他連續闖了四個紅燈,被路人罵了多次,最終用最快的速度趕到了醫院,也見到了孤零零的白星爾坐在急診室的外面,眉頭緊鎖。

“小爾!”

他大喊了一聲她的名字,向她狂奔過去。

白星爾聽到這熟悉的聲音,先是一楞,然後就立刻起身看向了林蘊初。

林蘊初直接把人給拽進了懷裏,胸膛劇烈的起伏著,擰眉道:“想嚇死我是不是?磕到哪裏了?碰到哪裏了?”

白星爾也是心有餘悸,把腦袋紮進了他的懷裏,說:“真的很危險!要不是司機師傅在關鍵時候推了我一把,我一定會被撞飛!”

林蘊初調節著自己急促的呼吸,沈默了片刻,問:“老劉怎麽樣?你說他傷到了手臂,現在還沒從急診室裏出來?”

“沒有。”白星爾推開了林蘊初,“他的手臂不只是擦傷,可能也骨折了。”

林蘊初點點頭,心想沒出人命就是萬幸。

他將白星爾拉到走廊稍微安靜的一處,問她:“這到底是怎麽回事?你不是去面試嗎?”

白星爾對這件事不敢有任何隱瞞,把事情的來龍去脈,原原本本的告訴了林蘊初。

他聽了她的敘述,眉頭時而緊蹙,時而舒展,來來回回好幾次,最終變成了一臉冰霜。

“你說,會不會有可能也是我疑神疑鬼了?”白星爾心存僥幸,“畢竟一切也都只是我的感覺,沒有確鑿的證據。”

林蘊初沒有給出回應,而是在腦子裏快速盤算了一番有可能會對白星爾下手的人。

難道是時笑和陳雲思嗎?可以這兩人的膽量,恐怕還做不出來殺人的舉動。

那又會是誰?林蘊初一時想不出來。

“蘊初,”白星爾握住了他的手,表情帶著幾分自責,“我總是給你添負擔。也許這件事是我小題大做了,你不要太擔心。”

“你說的這是什麽話?”林蘊初有點兒生氣,“什麽叫添負擔?你的事就是我的事。從現在開始,我會派人專門保護你。你不許拒絕!”

白星爾見他的神情嚴肅到有點兒可怕,只好乖乖點頭。

兩個人原本才要展開的新生活,因為這個意外激起了層層漣漪,並且向著更為波動的境地發展……
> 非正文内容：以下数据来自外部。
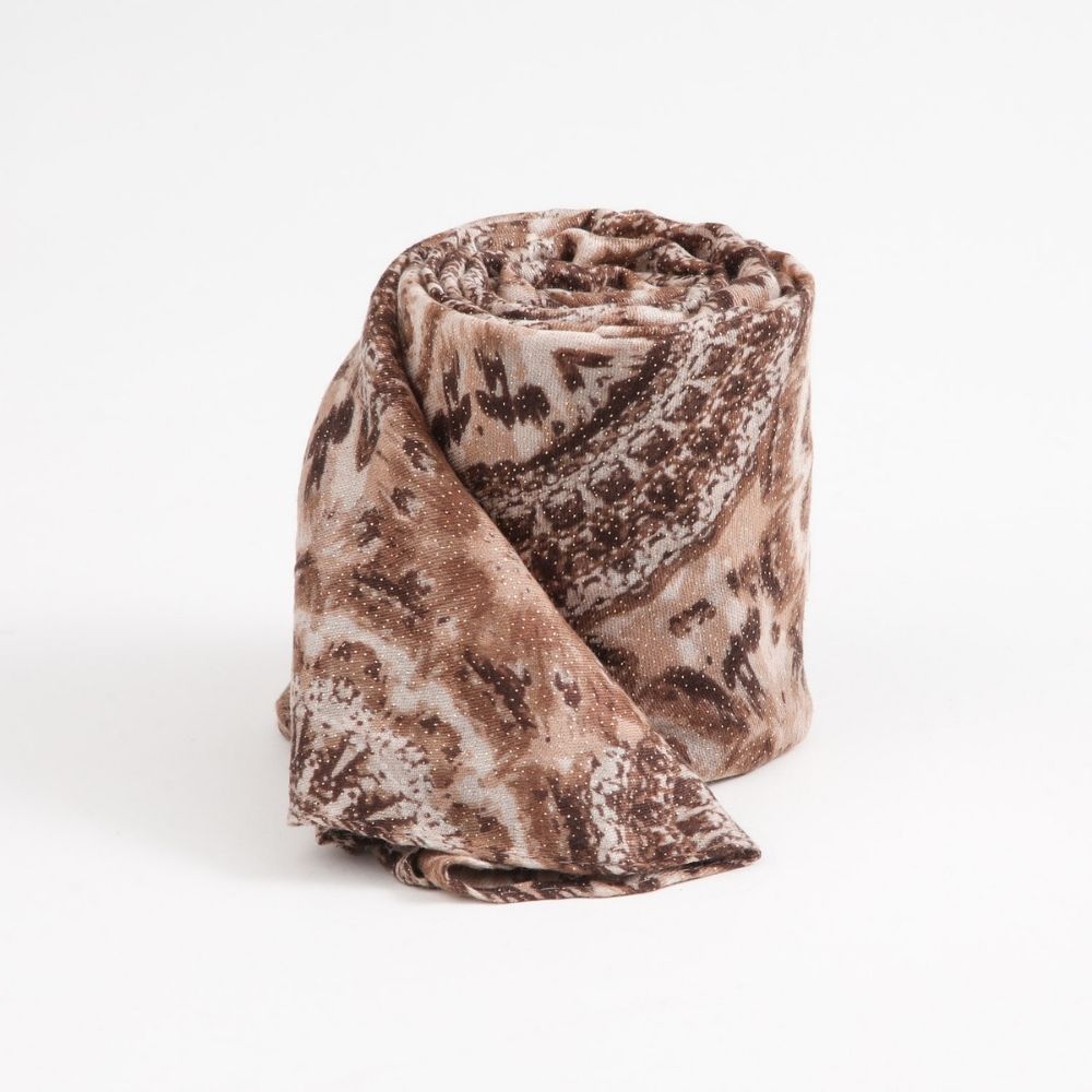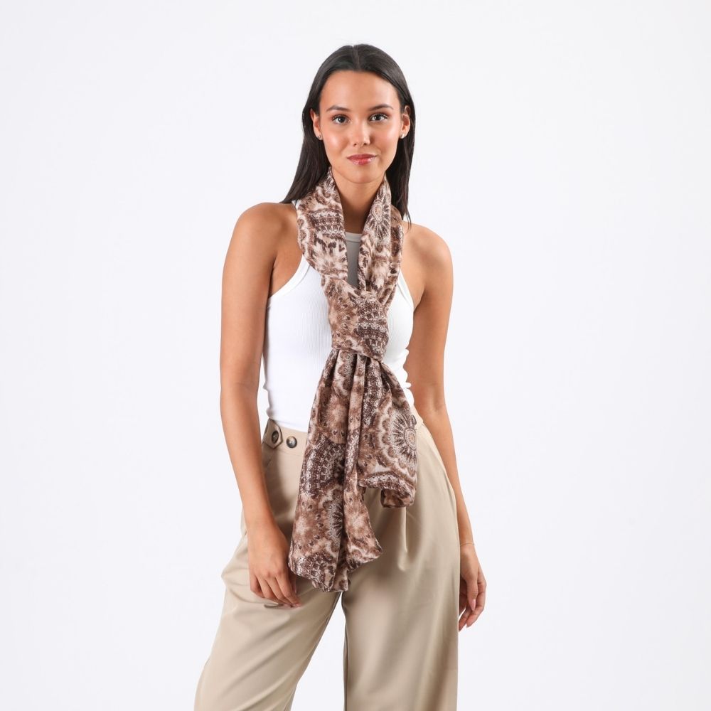 Pañuelo estampado mandala en tonos beige, café y dorados, textura suave. Terminación dobladillo.

空曠的地下室,被一道青山綠水圖的屏風給阻隔成了兩部分。

一個男人坐在屏風的後面,慵懶的翹著二郎腿,在成功吐出來一個煙圈之後,他掐滅了手中還剩下一半的香煙。

男人壓低著嗓音說:“我有讓你對她下手嗎?”

屏風另一側的邵晨陽心裏“咯噔”一下,不敢擡頭去看那模糊的輪廓……因為他感覺得到男人此刻是憤怒的。

“擅自做主的後果是什麽?”男人又問。

邵晨陽一咬牙,索性豁了出去,直言道:“泰格,這個女孩的存在對組織是個威脅。白毅手裏有那麽機密的文件,很有可能會遺留在她的手裏。稍有不慎,組織就會暴露,到時候……”

被稱為“泰格”的男人忽然大笑了起來。

他的聲音不屬於那種渾厚的質感。

相反,這聲音有些細膩,帶著令人覺得溫暖的輕快在裏面。

“一年的時間,你都沒能把白毅的名冊找出來。”泰格說,語氣裏帶著幾分玩味,可實則卻是一種壓迫,“現在說這樣的話,不恰恰印證你了的無能?”

邵晨陽皺了下眉頭,彎腰道:“是屬下失責。”

泰格聽得出來他的語氣裏有他的不服氣,只可惜他沒有對上級說“不”的權力。所以,一切的事情都還要聽從他的指示。

“去津華查章芷蓉。”泰格命令道。

邵晨陽一楞,隨即回答:“章芷蓉神經失常,這是確認無疑的。之前安插在她身邊的護士曉君密切觀察了很久。”

泰格冷哼一聲,反問:“那你是想來做我的主?”

“屬下不敢。”邵晨陽把腰往下壓了壓。

泰格見他如此,瞇了瞇眼睛,拿出了一根新的香煙點燃,然後叼在了嘴裏。

他含糊不清的說:“別以為我不知道你心裏想的是什麽。你想替李子洋報仇,那也得掂量好自己的身份。況且,如果不是你殺了徐菲留下太多的疑點,李子洋也不至於掩護你而自殺。”

邵晨陽一聽這話,雙拳緊握,死咬著牙關不說話。

為了白毅手裏的那一份間諜名冊,組織計劃了一年,最終什麽也沒得到,反而是損兵折將。

這樣的事情對組織而言,是恥辱;但對邵邵晨陽而言,他失去的是兄弟。

“事情辦妥了,你想做的事情自然會讓你做。”泰格又道,“現在,查出名冊的下落。其餘的事情,不要動任何的心思。如果讓我再發現你做了我命令以外的事情,可就不是今天這樣的談話了。”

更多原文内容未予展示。